Sebenarnya penelitianku sederhana saja, aku ingin mengetahui kondisi sosial ekonomi para pengemis yang suka mangkal di lampu-lampu merah di kotaku. Kabarnya mereka mengemis bukan karena miskin tapi karena hanya dengan mengemislah mereka bisa mendapatkan uang dengan cepat dan mudah. Tak jarang mereka menipu dengan pura-pura terkena lepra atau cacat tubuh, padahal sebenarnya mereka sehat tak kurang satu apapun.

Hari ini hari pertama aku terjun kelapangan mencari data. Seorang pengemis laki-laki dengan kaki dibalut perban basah, dikerumuni lalat, jemarinya terlipat kedalam seperti penderita lepra, tampak sedang beraksi di bawah traffic light. Tangannya terayun kesana kemari mengacung-acung kearah pengendara motor dan mobil ang berhenti. Mulutnya bergerak-gerak mengeluarkan suara mirip keluhan dan desahan, sesekali mulutnya menyeringai sambil membelai-belai kakinya yang dibalut perban. Aku menggeleng-gelengkan kepala, tubuh laki-laki itu tampak sehat, dan aku sangat yakin bahwa dia bukan penderita lepra, dan barangkali juga kaki yang dibalut perban itu bukan kaki yang korengan tapi berisi “tape” sehingga dikerumuni lalat!!!.

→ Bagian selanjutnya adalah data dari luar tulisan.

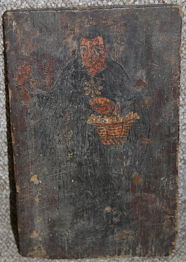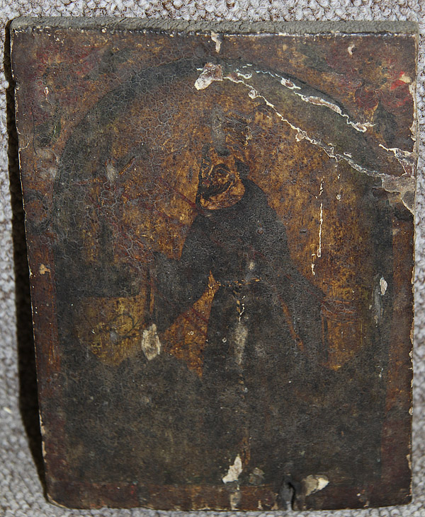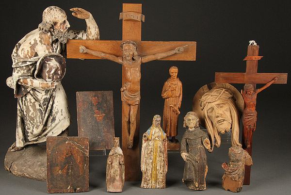 A GROUP OF NINE CARVED RELIGIOUS SCULPTURES, CIRCA 1800-1900. Including a large carved wood figure of a shepherd from a Nativity group, two crucifixes, Santos, and a carved face of Christ. Together with two Southwest or New Mexican style painted wood retablos. In various states of condition including losses. The largest height 25.75 inches (65.4 cm).

Aku terus mengamainya, sambil pura-pura membaca di halte bus tak jauh dari tempat laki-laki itu mangkal. Untung saja teoriku sudah selesai, sehingga aku bebas nongkrong disini tanpa harus memikirkan kuliah. Dan barangkali aku akan mengambil topik penelitian ini sekaligus untuk skripsi, hebat bukan? Sekali merengkuh dayung dua tiga pulau terlampui!!!

Ah, laki-laki itu beranjak dari tempatnya. Jalannya terpincang-pincang, kakinya jadi seperti panjang sebelah. Tangannya bergoyang-goyang kesana-kemari, mirip penari kecak. Aku tertawa geli sambil berjalan mengikutinya dari jauh. Eh, lihat sebuah truk kecil menghampiri laki-laki itu, dan dengan sekali hentakan, tubuh laki-laki itu sudah berada di bak belakang truk itu. Sesaat kemudian beberapa kepala menyembul. Muutku melebar beberapa senti, mataku membulat seketika, tubuhku rasanya kaku sekali. Ternysts meraka tidak bekerja sendiri-sendiri?! Truk itupun perlahan menjauh, meninggalkan debu yang bergumpal-gumpal yang menyesakkan dada.


* * *


“Sebenarnya pekerjaanmu itu apa to, Nduk?” tanya ibu sambil lalu. Aku tersenyum. Kepalaku menoleh kesamping menatap ibu yang sedang me-wiru kain batiknya yang sudah mulai memudar warnanya.

“Besok Narsih belikan kain ya, Bu?” kataku tanpa memperdulikan pertanyaannya.

“Kamu itu, ditanya orang tua kok? Sergah ibu dengan nada gusar. Aku terkekeh. Mataku menyipit, sampai berair karena geli melihat wajah ibu yang mirip sekali dengan Nang kalau marah. “Hei, malah ketawa, sembrono!”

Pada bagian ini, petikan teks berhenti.